- [PROBLEM TO WORK ON] Set down the lines that begin at the top of the records and end with the line containing "Légalement le ministère", and drop every picture.

──────────────────────────────

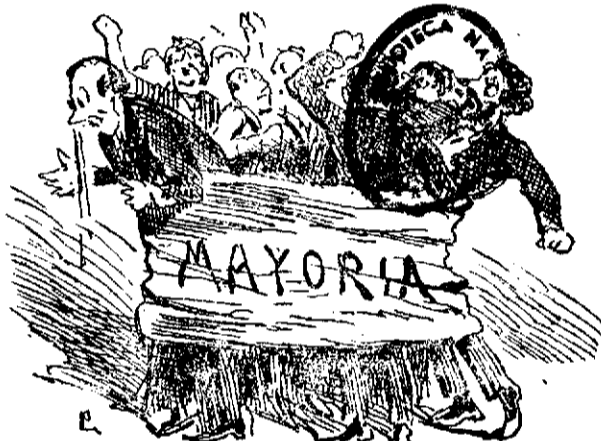
La mayoría sigue compacta y apretada.
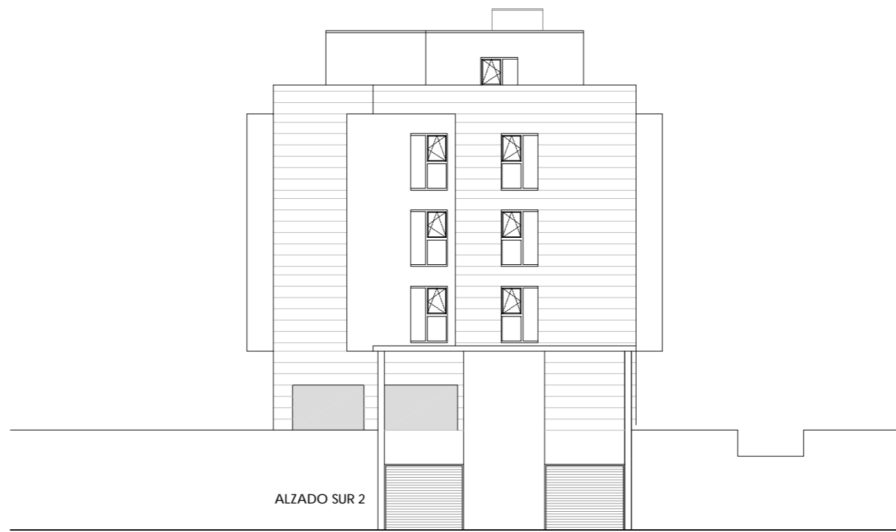
ALZADO SUR 2
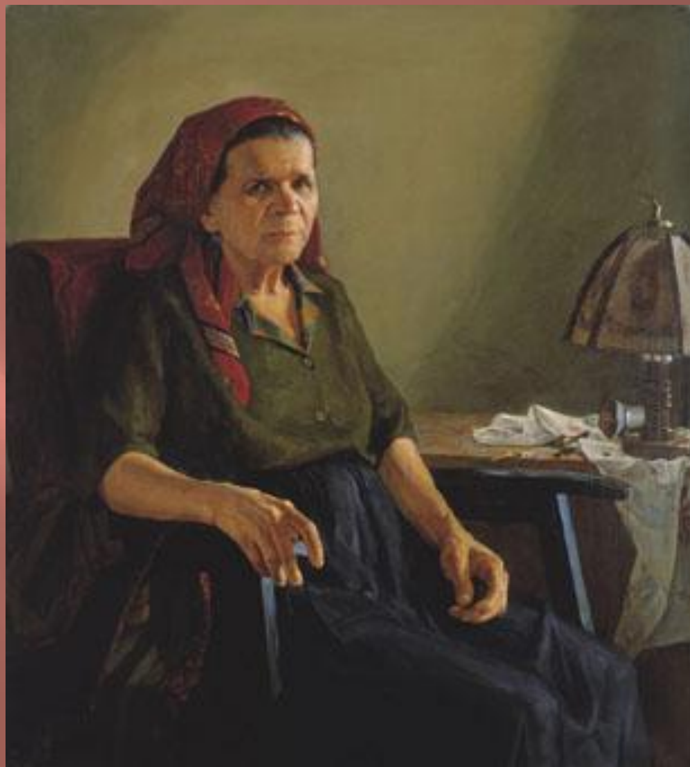
Афони́на Сайда (род. 1965). Портрет мамы. 1990-е г.
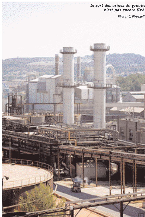
Le sort des usines du groupe n'est pas encore fixé.

Légalement le ministère des Finances avait aussi son mot à dire. Bercy doit se prononcer sur tout investissement étranger touchant de près ou de loin à la défense nationale, Pechiney livre des produits à l'industrie aéronautique. Mais, on voyait mal l'actuel gouvernement, d'inspiration libérale, trancher par la négative alors qu'il y a trois ans le gou-
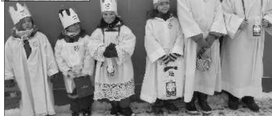
DEVĚT KRÁLŮ. Děti, které 7. a 8. 1. obcházely Osovem i Osovcem a vybíraly na charitu.
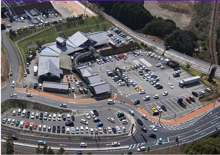
道の駅「北川はゆま」

──────────────────────────────

- [TASK RESULT]
La mayoría sigue compacta y apretada.
ALZADO SUR 2
Афони́на Сайда (род. 1965). Портрет мамы. 1990-е г.
Le sort des usines du groupe n'est pas encore fixé.

Légalement le ministère des Finances avait aussi son mot à dire. Bercy doit se prononcer sur tout investissement étranger touchant de près ou de loin à la défense nationale, Pechiney livre des produits à l'industrie aéronautique. Mais, on voyait mal l'actuel gouvernement, d'inspiration libérale, trancher par la négative alors qu'il y a trois ans le gou-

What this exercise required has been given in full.